Hey, if you guys are giving out money, I could sure use some to buy a new monitor!! It still works, but the colors are effed up, and I don't know how to fix it.

<hands out stretched> Please, sir, can you spare some change? How about a twenty? Please, sir!
 
Computers? Metallica? My daughter wants to go to law school! Funds urgently needed!!!

Please . . . America needs another lawyer . . .
 
well, as long as everyone else is asking for money...

I need some money to pursue my career in computers. Now, the VB class I want to take is only $1000, but I will need much more extensive courses in order to complete my schooling to my satisfaction.

I will trade favors for money...LOL

SJ
 
Sorry, guys, I know the whole Napster thing is a bitch and Metallica is all rich and snotty, but stealing from artists has long been regarded as "okay", and it ain't, which is why we SAG-type people are on strike right now.

If I create something you gotta pay for it, whether it's a pair of shoes, a CD, or my image in a Nike ad. I could go on and on about why stealing one dollar from an artist today ALWAYS means stealing a million dollars from the art world tomorrow, but I won't.

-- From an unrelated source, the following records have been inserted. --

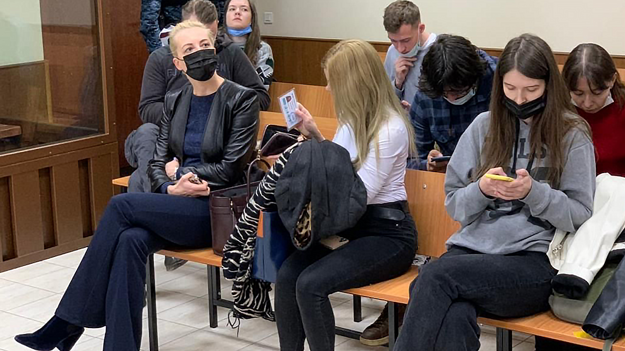 13:17. Юлия Навальная говорит мужу «я пойду» и уходит из зала, не дожидаясь решения суда.
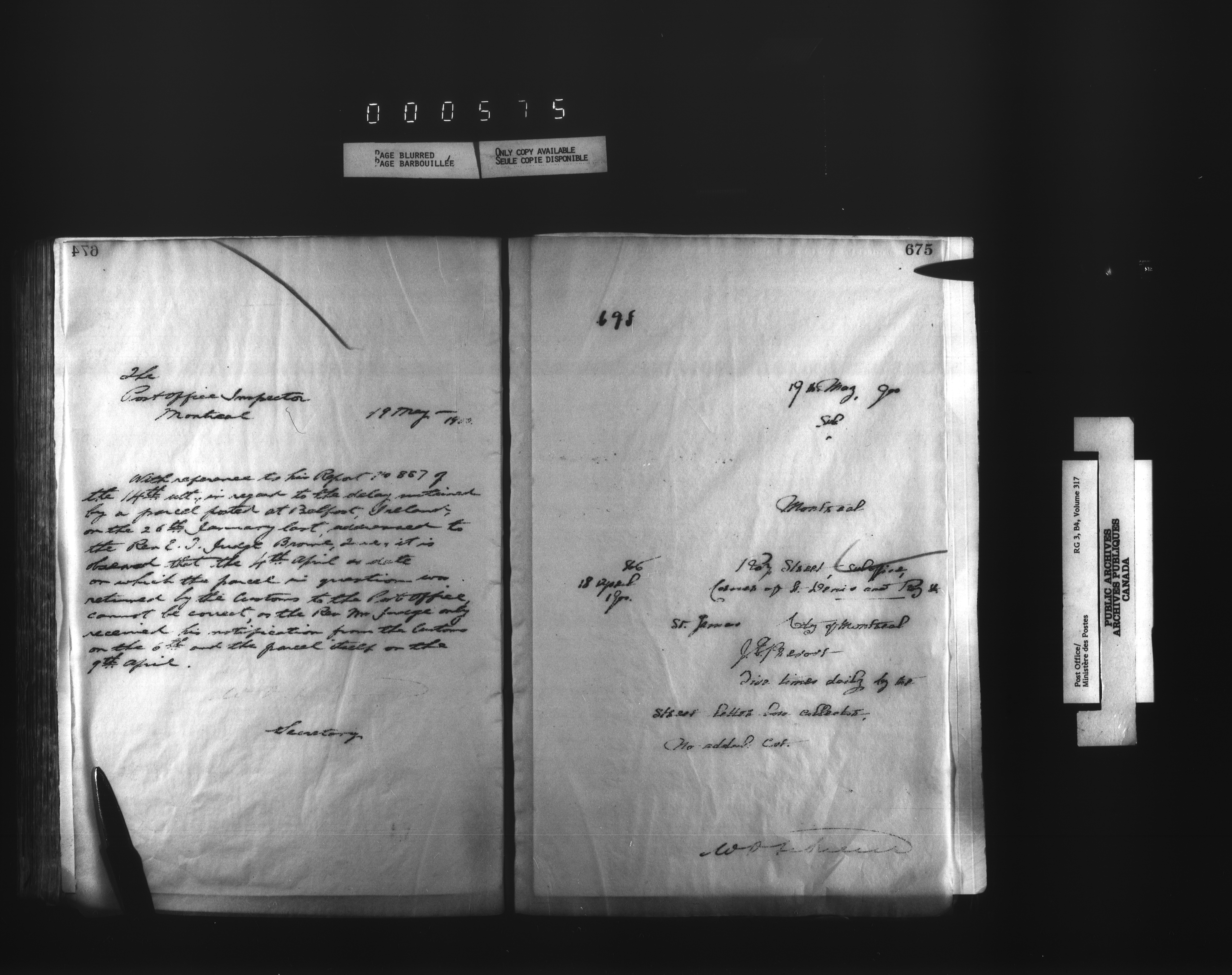 Correspondence from the Secretary to Post Office Inspectors : Letterbooks, Quebec- Montreal - 1725
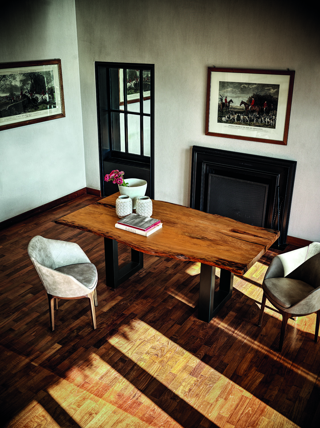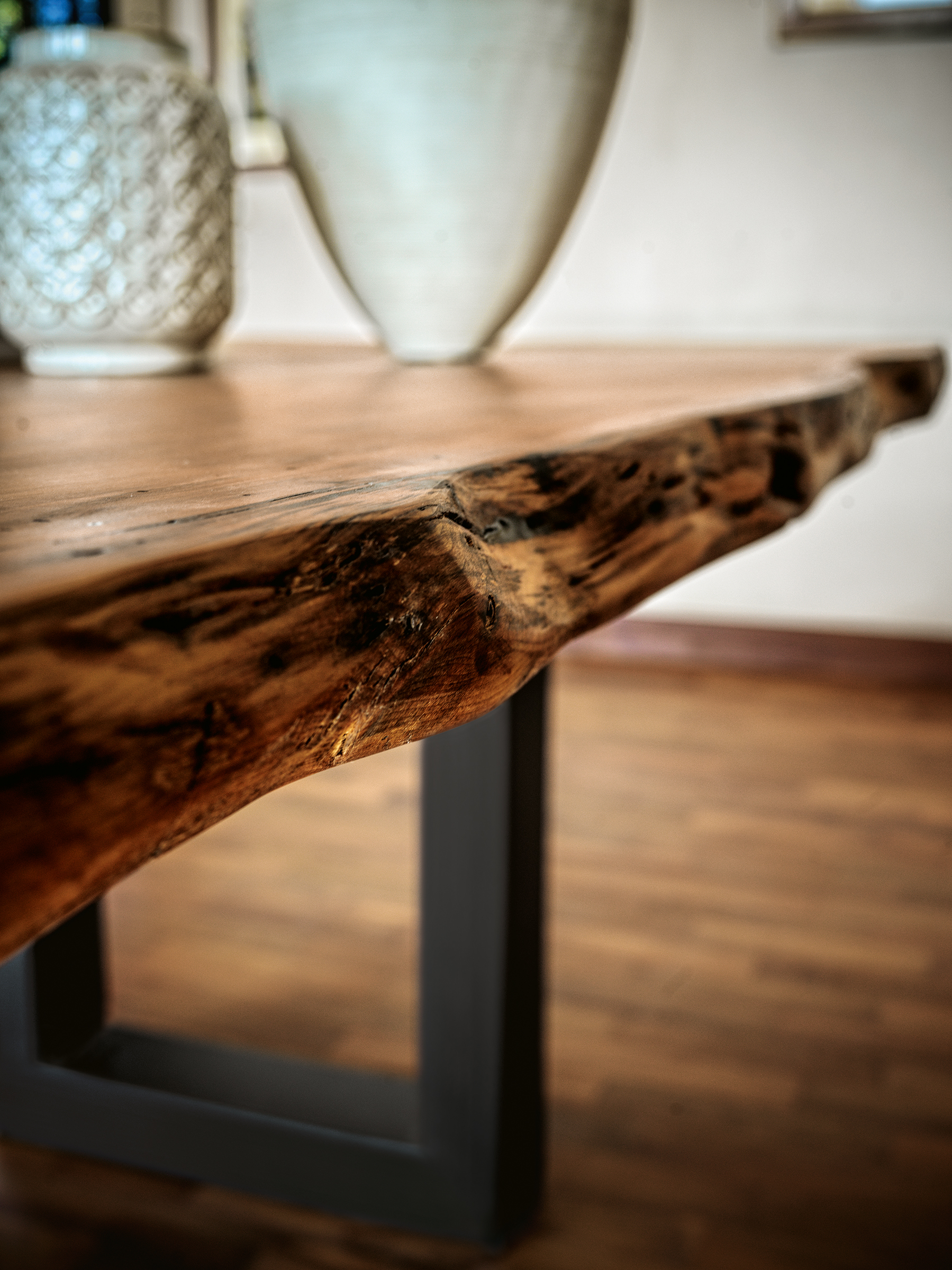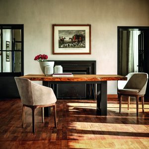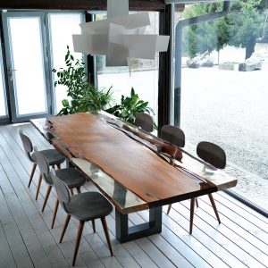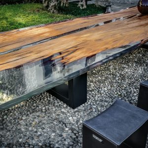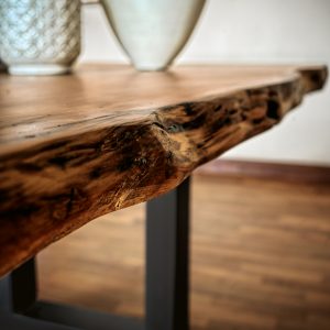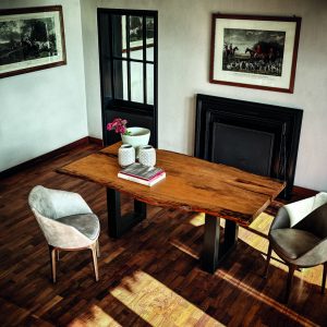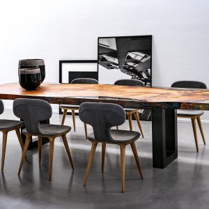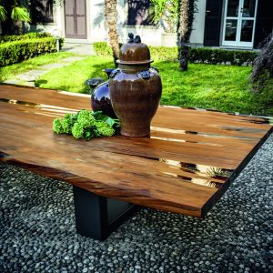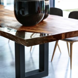 Tavolo realizzato con top in massello di Kauri, abbinato ad una base in ferro con sezione squadrata.

Just recognize that the artists who create music, writing, even choreography, have been ripped off by the industries that distribute them since the days when Moses worked the Nile circuit with his stick-into-a-snake act.

Maybe the Metal-heads are going about it wrong, maybe they're punishing the wrong people, I don't know, and frankly I don't want a history lesson on the whole Napster thing. I'm tired of this stupid backlash against artists who have every right in the world to protect their creation. So, if Metallica is fucking up by punishing the innocent Napster users, I'd like to hear another SOLUTION to the problem. What SHOULD Metallica do about artistic theft on the Internet? What should all recording artists do?

Seriously.
 
Okay, I was wrong... I have a few more things to add...

What SHOULD Metallica do about artistic theft on the Internet? What should all recording artists do?

The bigger question is what should artists do about artistic theft from THEIR OWN LABELS. Recently, the RIAA pushed through a bill that makes it so after a certain time period, the rights to songs revert NOT to the original artist (as they always have) but to the recording label. Also, the major record labels just settled a suit brought on them by the government in which they were found to be fixing the prices on CD's. The music industry has been ripping off artists AND consumers for years.

Prosecuting Napster for the piracy that happens on it is a bit like prosecuting the phone company because I decide to make an obscene phone call, or putting the postal service in jail for the Unabomber's actions. Much of what is shared on Napster is bootleg material - material that Metallica themselves have no problem being shared - and promotional music put there by the bands THEMSELVES. Napster has huge potential to help many artists - artists who haven't previously had access to distribution channels, who WANT their music traded. If Metallica is so concerned about the piracy, then they should sue those caught pirating rather than try to shut down a program that has such wonderful potential for so many artists who don't happen to enjoy the major label backing that groups like Metallica enjoy.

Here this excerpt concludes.